Generating Poisoning Attacks against Ridge Regression Models with Categorical Features

TL;DR

This paper introduces a novel algorithm to generate effective poisoning attacks on ridge regression models with both numerical and categorical features, enhancing understanding of model vulnerabilities.

Contribution

It formulates the poisoning attack as a bilevel optimization problem and proposes a new algorithm specifically targeting categorical features modeled as SOS-1 sets.

Findings

Improves mean squared error across datasets

Outperforms previous benchmarks

Effectively poisons models with categorical features

Abstract

Machine Learning (ML) models have become a very powerful tool to extract information from large datasets and use it to make accurate predictions and automated decisions. However, ML models can be vulnerable to external attacks, causing them to underperform or deviate from their expected tasks. One way to attack ML models is by injecting malicious data to mislead the algorithm during the training phase, which is referred to as a poisoning attack.
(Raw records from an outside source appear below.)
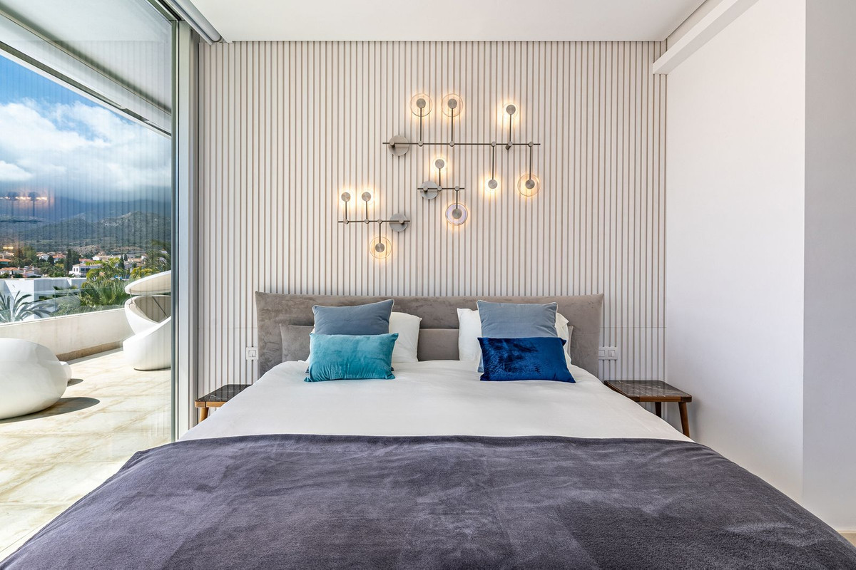 Upstairs, three elegant bedrooms enjoy private terraces with unobstructed panoramic views of the Mediterranean Sea and surrounding mountains. The master suite features a luxurious en-suite bathroom and a spacious walk-in wardrobe.
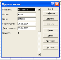 Рис.1. Заполнение таблицы при помощи формы данных.
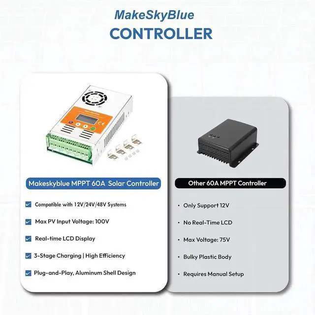 LCD displaysLCD displays cumulative power generation, error codes, temperature & voltage curvebacklight design for night checks. false[Intelligent Battery Protection]Guards against overcharging, overvoltage, and low voltage, safeguarding your battery's health. false- MPPT Maximum Power Point TrackingThe Advanced MPPT algorithm extracts up to 30% more solar energy than traditional PWM controllers, ensuring maximum efficiency even in cloudy or low-light conditions. Not obsolete PWM tech.

We can prepare for such situations by designing anticipated attacks, which are later used for creating and testing defence strategies. In this paper, we propose an algorithm to generate strong poisoning attacks for a ridge regression model containing both numerical and categorical features that explicitly models and poisons categorical features. We model categorical features as SOS-1 sets and formulate the problem of designing poisoning attacks as a bilevel optimization problem that is nonconvex mixed-integer in the upper-level and unconstrained convex quadratic in the lower-level. We present the mathematical formulation of the problem, introduce a single-level reformulation based on the Karush-Kuhn-Tucker (KKT) conditions of the lower level, find bounds for the lower-level variables to accelerate solver performance, and propose a new algorithm to poison categorical features. Numerical experiments show that our method improves the mean squared error of all datasets compared to the previous benchmark in the literature.